#OXYGEN FORENSIC SUITE V6.3 SERIAL SERIAL#
In Figure 3a–d, the dynamics of serial killer humans C h ( t ) have been shown at different fractional-orders of ℘ before and after control strategies. The weapons class is controlled, reduced, and approaching zero in these three figures. While Figure 2a–d are the graphs after applying the control strategies by changing the values of most affected parameters as given in Table 2. Figure 2a is the plot before the control parameters in which the weaponized people are increasing and, thus, the number of serial killers also increases. Figure 2a–d show the dynamics of weaponization in humans W h ( t ) at different fractional-orders of ℘ before and after control strategies. In these three figures, the susceptible class is controlled and increasing.
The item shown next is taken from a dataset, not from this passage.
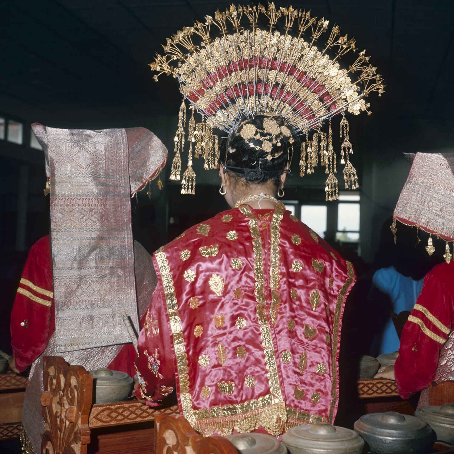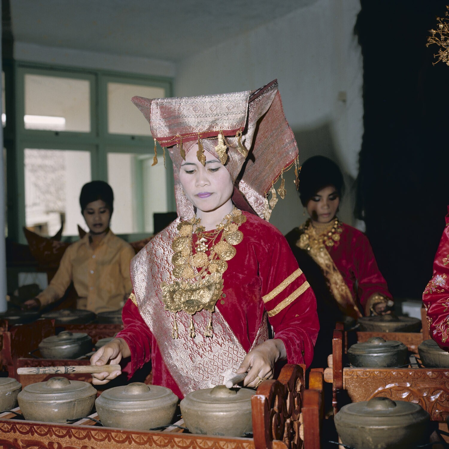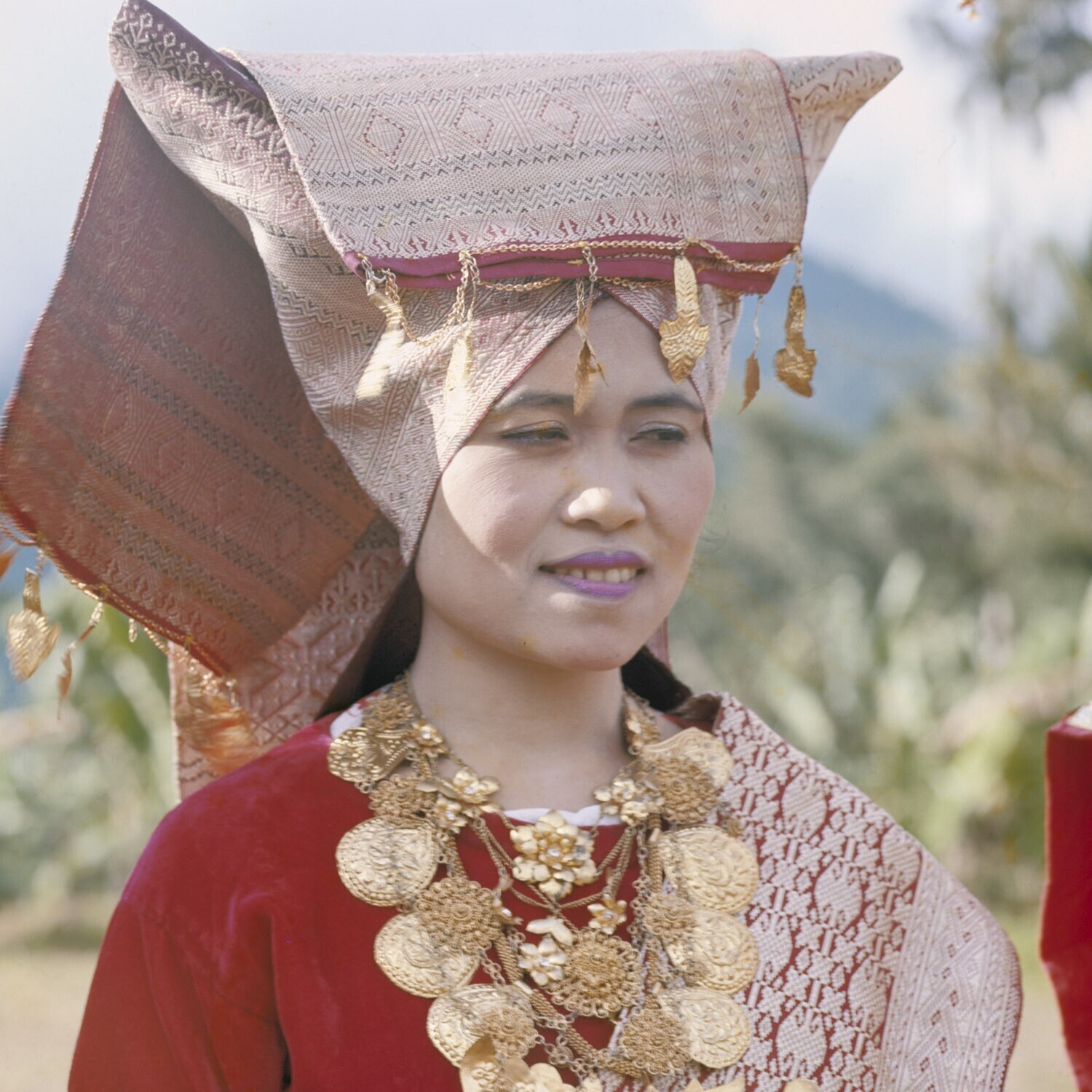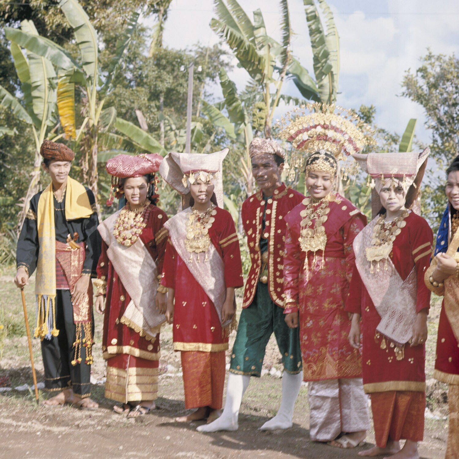 Drie Indonesiërs in kostuum en met traditionele haar...

While Figure 1b–d are the plots after we applied the control strategies by changing the values of the most affected parameter, as given in Table 2.
Figure 1a is the plot before control parameters in which the susceptible people are decreasing and transferring to the serial killers. Figure 1a–d represents the the dynamics of susceptible humans (free of crimes) S h ( t ) at a different fractional order of ℘ before and after control strategies. We have taken four different sets of parameter, one without control and the remaining three simulated by applying some control strategies for all of the compartments in problem ( 2) and at a different fractional order of ℘. The initial values for all cases of the given system are S h ( 0 ) = 1000, W h ( 0 ) = 20, C h ( 0 ) = 20, G h ( 0 ) = 10 and J h ( 0 ) = 10.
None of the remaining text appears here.